Model | With FE | Without FE |
---|---|---|
OLS | 7148 | 1348 |
Ridge | 1393 | 1631 |
Lasso | 1108 | 1194 |
PCR | 1165 | 1209 |
PLS | 1147 | 1184 |
From this table we can see that both Lasso and PLS are the best performing models. In both of these models the inclusion of the higher order predictors has a negligible increase in performance. It should be noted that we did not treat the training set completely correct with the PLS and PCR models. In these models we fitted the scaler and the PCA to the entire training set before cross-validation. This will have resulted in so test-train contamination. Ideally, these models would be rewritten as pipelines and the scaler/PCA refitted to the $k-1$ cv folds and the testing cv fold transformed accordingly each time.This may increase the reported test errors for PCR and PLS.
It is interesting to note how poorly the OLS performed with the extra predictors. This is because, without cross validation, all the unregularized predictors were considered which resulted in an extremely flexible model which overfit the training set and gave poor test set results. With the extra features the OLS still performed relatively poorly, but significantly better that with the extra features.
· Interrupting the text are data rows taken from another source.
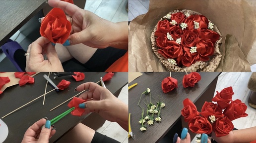 БУКЕТ ЦВЕТОВ ИЗ ЛЕНТ СВОИМИ РУКАМИ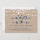 Convite Luzes de Corda Rústicas, Azul Navy Kraft, Casament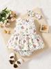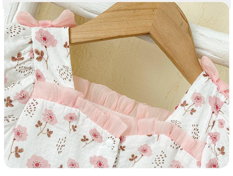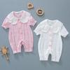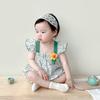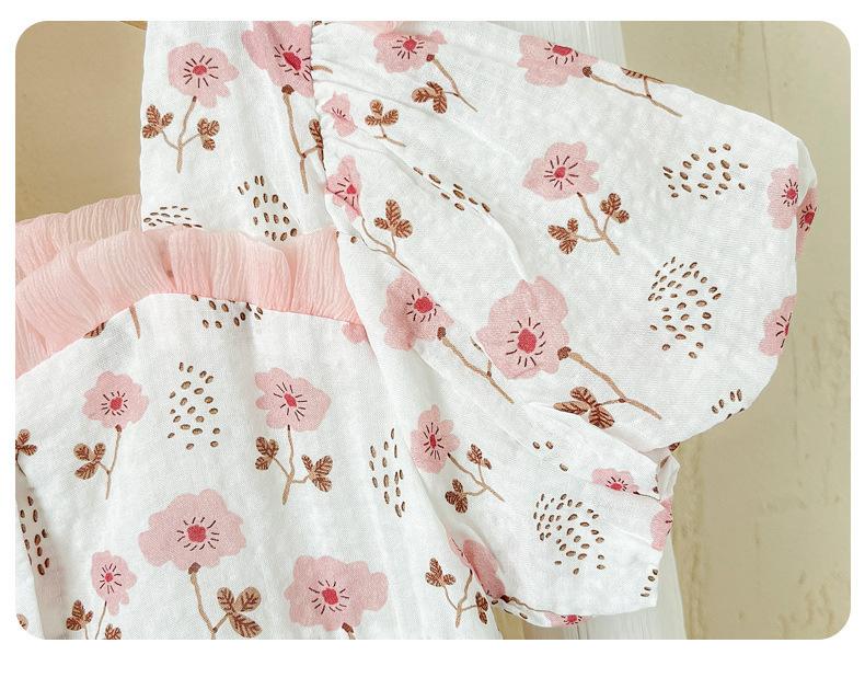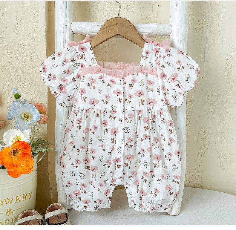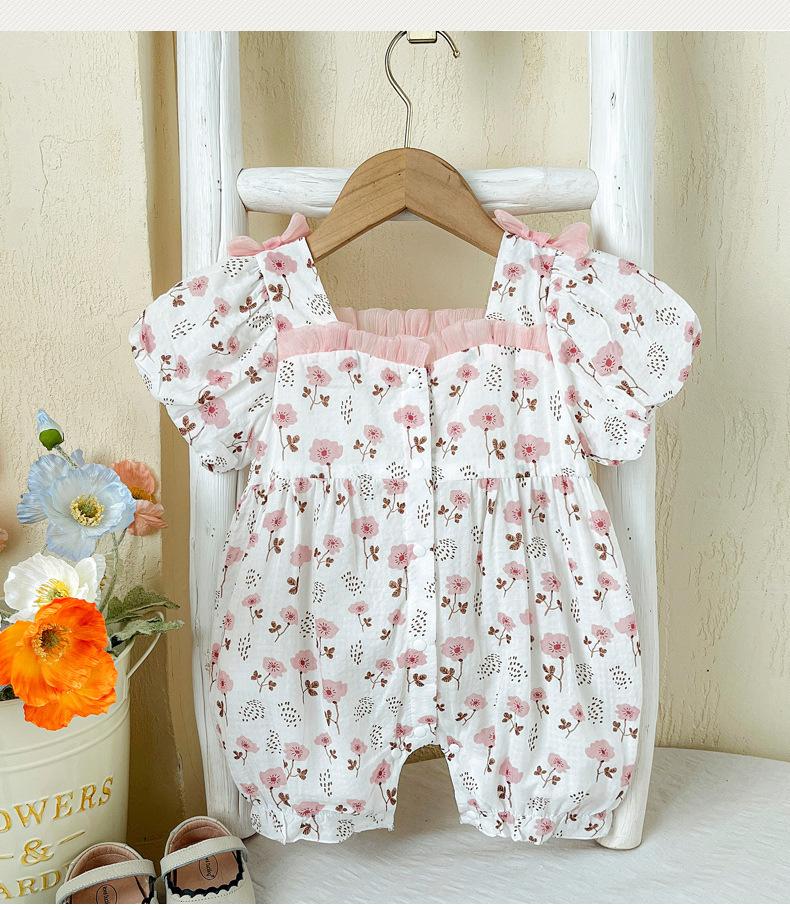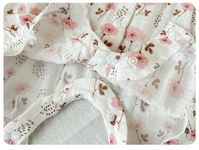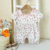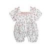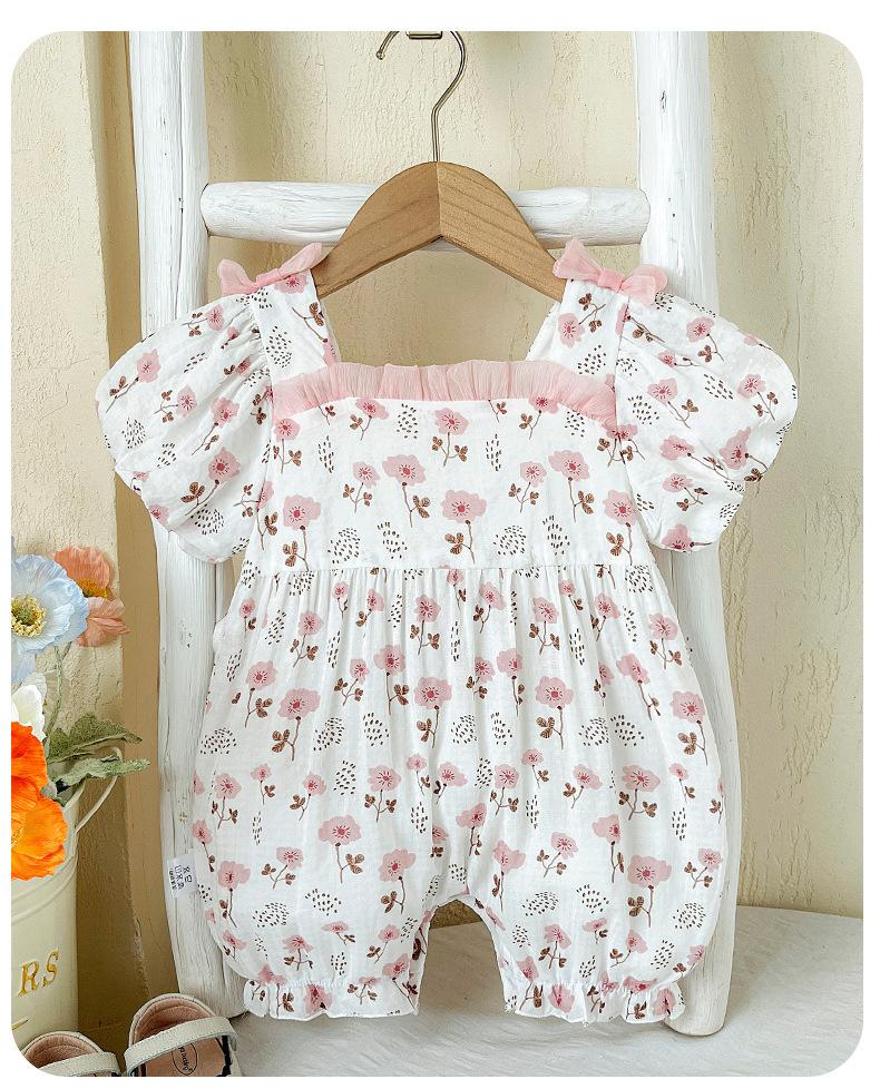 Macacão de Verão de Manga Curta para Bebê Algodão Puro Fino Floral Fofo Bebê Menina Passeio de Verão Macacão de Princesa
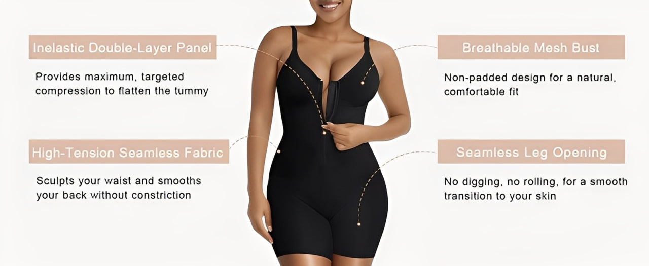 New Arrival !The Shapewear Dilemma is Over. Meet the Future of Sculpting.For too long, you've faced an impossible choice: the barely-there feel of a seamless bodysuit with weak sculpting, or the powerful shaping of a bulky faja that's difficult to wear and impossible to hide. We've engineered a garment that delivers the formidable, tummy-flattening power of a traditional faja with the sleek, comfortable, and versatile beauty of a modern seamless bodysuit.Key Innovations You'll Love:·Faja-Inspired Front Panel: Our game-changing feature is the inelastic, double-layer front closure. The inner row of closures provides a secure, customizable fit, while the outer zipper locks everything in place, creating an unyielding wall of support that smooths and flattens your core like nothing else.·High-sculpting, Easy-Wear Fabric: We use a premium, high-tension seamless yarn that offers incredible sculpting power. The magic is in the zipper—it allows you to easily wear this powerful fabric without the usual struggle, giving you maximum results with minimum effort.·Your Wardrobe's Secret Weapon (Or Centerpiece!): The flawless seamless design ensures it disappears under your clothes, creating a perfectly smooth canvas.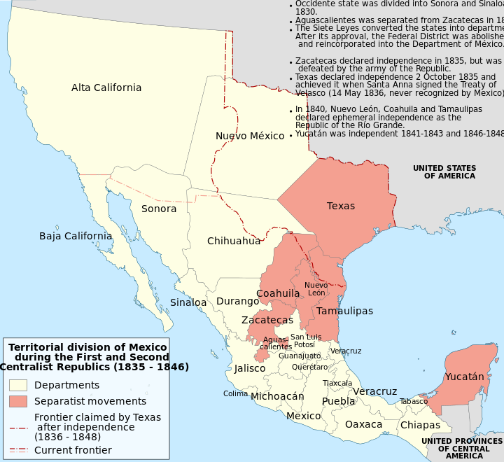 خريطة المكسيك، 1835–1846، مع توضيح للحركات الانفصالية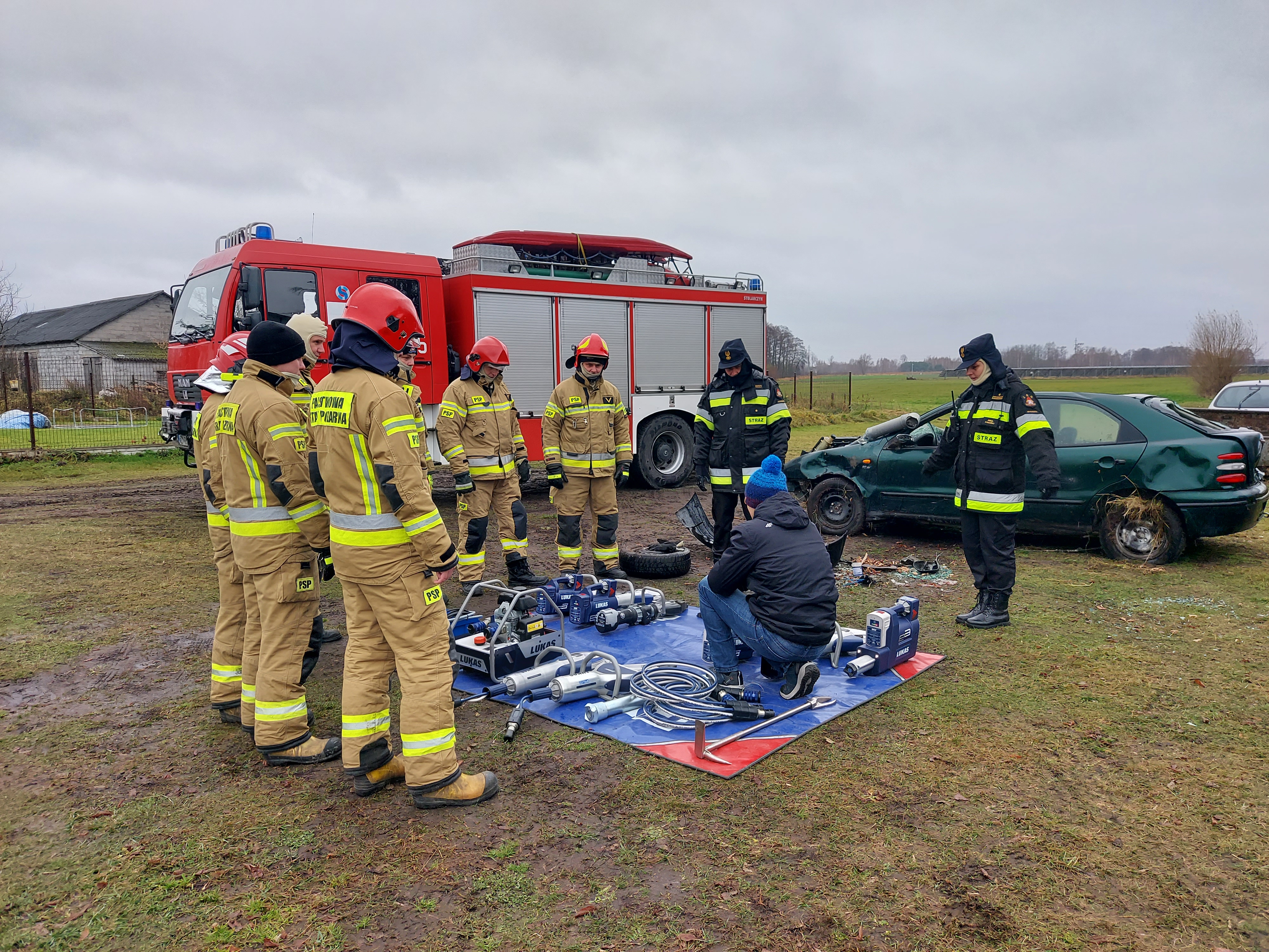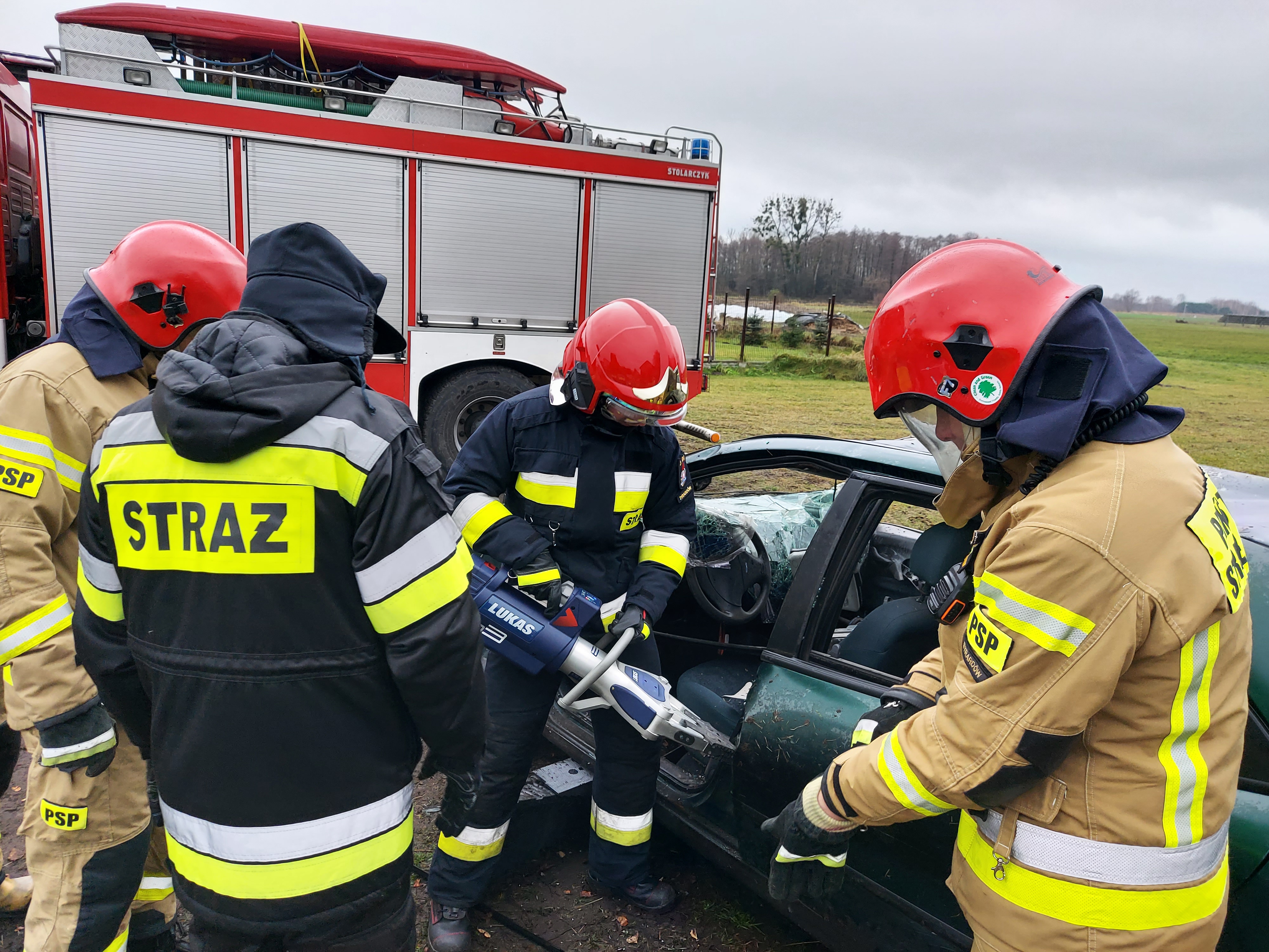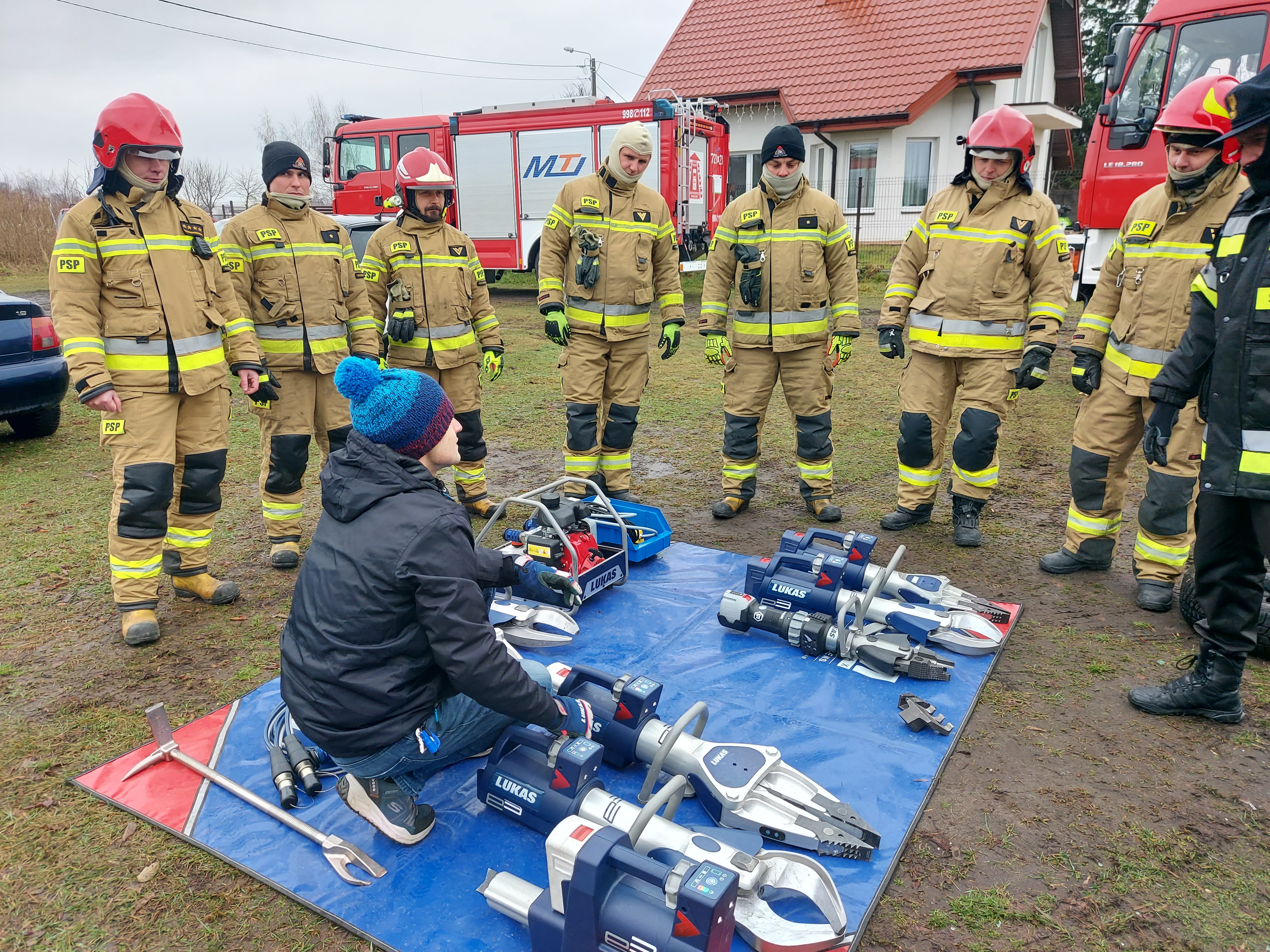 23.11.2021r. żyrardowscy strażacy uczestniczyli w ćwiczeniach z zakrusu ratownictwa technicznego. Dzięki uprzejmości firmy FIRE Max strażacy z JRG Żyrardów zapoznali się z najnowszymi narzędziami akumulatorowymi firmy LUKAS, mieli możliwość przećwiczenia technik wykonywania dostępu do poszkodowanych oraz zapoznania się z nowymi rozwiązaniami w zakresie ratownictwa technicznego.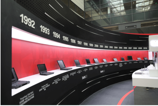 展区通过同心圆的设计,由外至内层层递进,以时间为线索,呈现出Think品牌从过去经典机型到现今丰富产品线组成的ThinkFamily,比如ThinkPad旗下商务旗舰笔记本电脑;ThinkSystem旗下的服务器矩阵;接连刷新运算极限的ThinkStation工作站家族;以及定位新青年群体的ThinkBook系列机型、高端商用显示器ThinkVision、ThinkSmart-IoT智能物联产品等。最终,在展区中心,汇聚成代表Think未来无限可能的小红点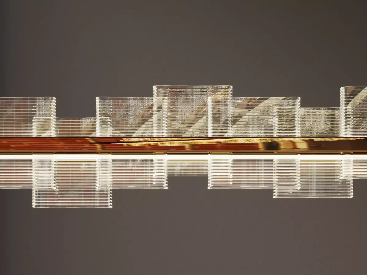 The chandelier features a sleek metal body with a polished brass finish, combined with layered transparent crystal blocks that create elegant reflections and a sophisticated lighting effect. The linear suspended design makes it ideal for long tables, islands, and contemporary architectural interiors.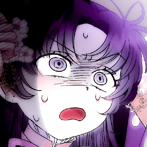 Garota de olhos roxos e cabelo roxo, com expressão de surpresa ou choque, boca aberta e bochechas rosadas.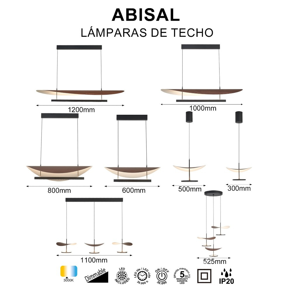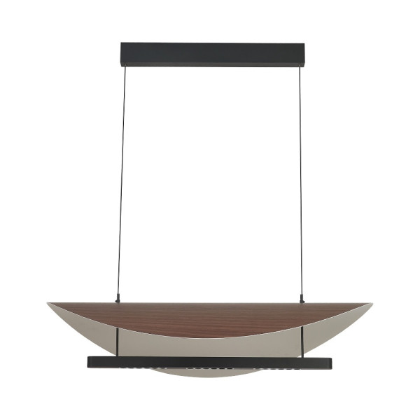 Colgante LED de 80cm acabado en negro y madera oscura. 40W 3000K 2280 lm TRIAC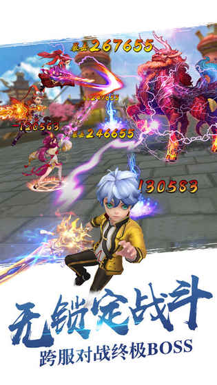 2、无锁定战斗,跨服对战终极BOSS;

There is not too much difference between the test errors for Ridge and Lasso and the both perform relatively well with lasso consistently better.
It is also interesting to compare the performance of PCR and PLS as they are based on similar concepts with PLS being more sophisticated as the principal component selection is supervised. Despite this, for this data set, there is no significant different in performance between the two models.